Versions of BIND through 4.8.3 were maintained by the Computer Systems Research Group (CSRG) at UC Berkeley. Douglas Terry, Mark Painter, David Riggle and Songnian Zhou made up the initial BIND project team. After that, additional work on the software package was done by Ralph Campbell. Kevin Dunlap, a Digital Equipment Corporation employee on loan to the CSRG, worked on BIND for 2 years, from 1985 to 1987. Many other people also contributed to BIND development during that time: Doug Kingston, Craig Partridge, Smoot Carl-Mitchell, Mike Muuss, Jim Bloom and Mike Schwartz.

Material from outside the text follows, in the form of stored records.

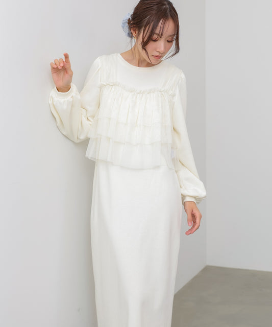 前後2WAYフリルチュールベスト+ベーシックカットソー
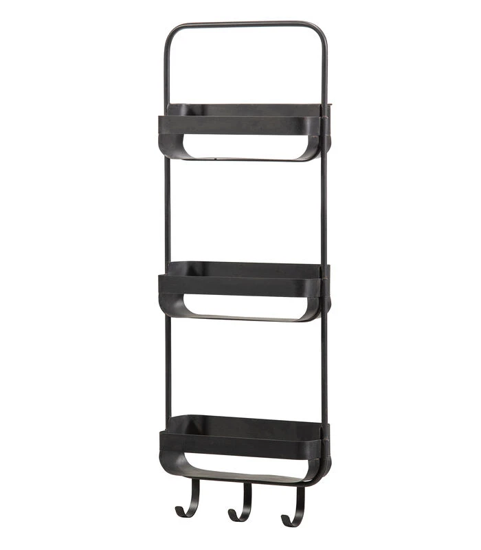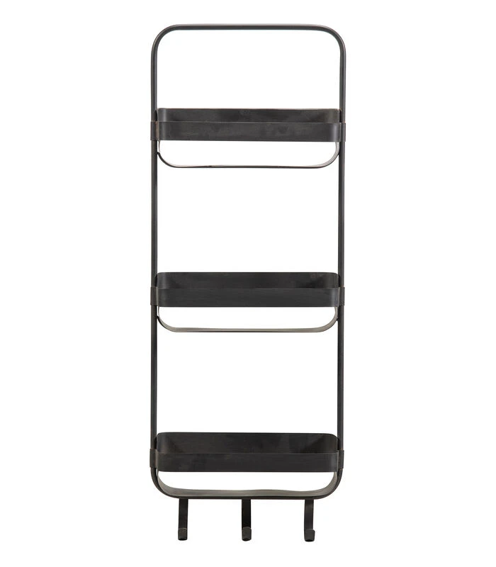 Dit leuke wandrek met een strak design komt uit de collectie van het Nederlandse merk WOOOD. Het metalen frame heeft een matzwarte poedercoating met een vintage uitstraling. Het design is mooi smal, perfect voor meerdere stoere woonstijlen. Het Akke wandrek heeft drie smalle plankjes, handig voor bijvoorbeeld sjaals en mutsen in de hal of hand– en theedoeken in de keuken. De drie ophanghaakjes zijn zeer praktisch en kunnen maar liefst 5 KG per haakje dragen.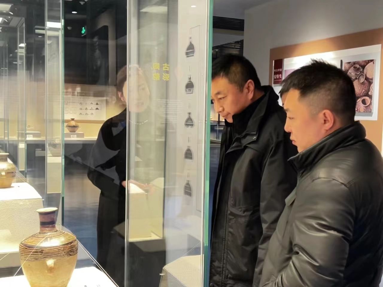 同时观摩了文创产品展示区、社教活动室、监控室等。双方就场馆基本陈列布局、文创产品研发、研学活动、社会教育活动等工作开展情况进行了深入的交流探讨。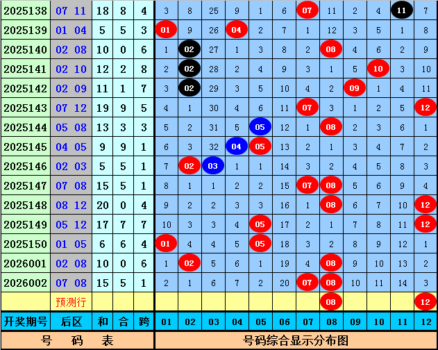 后区分析:上期后区开出两码07和08,分别遗漏了4期和0期,最近10期后区奖号大小个数比为11:9,奇偶个数比为9:11,本期后区注意号码03、08、10、11、12,精选两码08、12。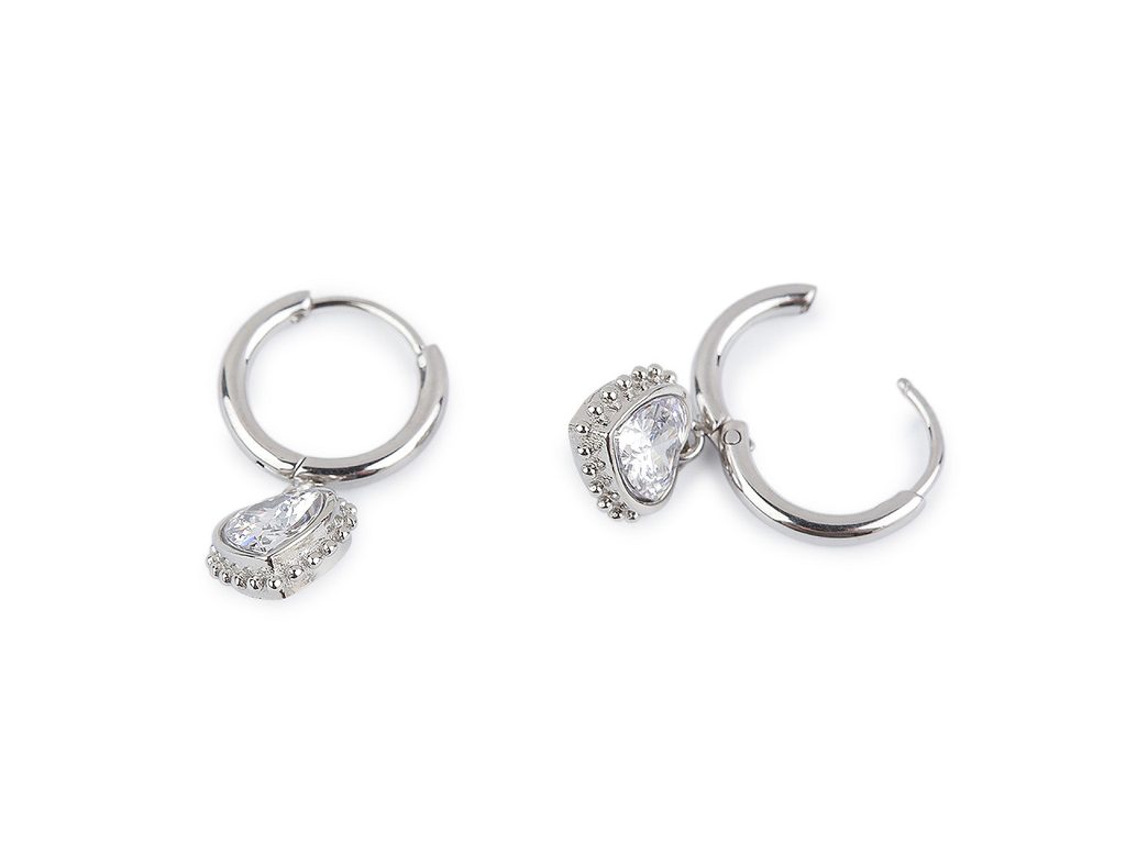 Náušnice z nerezové oceli kroužky, srdce s broušeným kamínkem

BIND maintenance was subsequently handled by Mike Karels and Øivind Kure.

BIND versions 4.9 and 4.9.1 were released by Digital Equipment Corporation (now Compaq Computer Corporation). Paul Vixie, then a DEC employee, became BIND's primary caretaker. He was assisted by Phil Almquist, Robert Elz, Alan Barrett, Paul Albitz, Bryan Beecher, Andrew Partan, Andy Cherenson, Tom Limoncelli, Berthold Paffrath, Fuat Baran, Anant Kumar, Art Harkin, Win Treese, Don Lewis, Christophe Wolfhugel, and others.

In 1994, BIND version 4.9.2 was sponsored by Vixie Enterprises. Paul Vixie became BIND's principal architect/programmer.

BIND versions from 4.9.3 onward have been developed and maintained by the Internet Systems Consortium (ISC) and its predecessor, the Internet Software Consortium, with support being provided by ISC's sponsors. As co-architects/programmers, Bob Halley and Paul Vixie released the first production-ready version of BIND version 8 in May 1997. BIND version 9 was released in September 2000 and is a major rewrite of nearly all aspects of the underlying BIND architecture. A BIND 10 project was started by ISC in 2009 to build next-generation DNS and DHCP implementations, but it failed to reach its goals and was abandoned in 2014 after 5 years of development. ISC returned to focusing on BIND 9 from which additional releases continue to be made. A subscription branch of BIND 9 with some proprietary features was also started by ISC during this time that is available only to paying customers. With the release of BIND 9.11.0, BIND 9 underwent a license change from the ISC license to the Mozilla Public License version 2. The BIND 9 codebase continues to be developed by ISC.

Being what may be considered as a reference implementation of DNS, BIND 9 implemented many DNS related features. The BIND 9 codebase was developed starting in August 1998 and was well-designed with suitable use of encapsulation and abstraction. But due to decades of several different sets of internal and external developers extending and patching the code, its codebase became highly complex and unwieldly. BIND 9's competitors have caught up to it in the features that matter, and its performance compares very poorly to what is routinely achieved by its competitors. A major recent complaint of DNS operators is the high number of security vulnerabilities that are regularly found and fixed in BIND 9. This may be attributed to the breath of features and complexity which makes it difficult for BIND 9 to avoid vulnerabilities. The development team at ISC are efficient at fixing reported vulnerabilities quickly, and its releases are generally well-supported by ISC's staff.

Loop was started by a former BIND 9 developer with the goal of reducing the number of features in this codebase so that it still serves a large percentage of typical DNS operational use-cases, but with greatly reduced code complexity, improved quality of code and maintainability. Loop aims to serve some additional use-cases where BIND 9 is not applied currently. Loop forked from the BIND 9.10.8 release and incorporates some code from the BIND 9.11.0a2 release and some bits from BIND 10. While externally it still resembles BIND 9 with its similar configuration language and programs, its code has undergone considerable changes and continues to evolve at a high rate.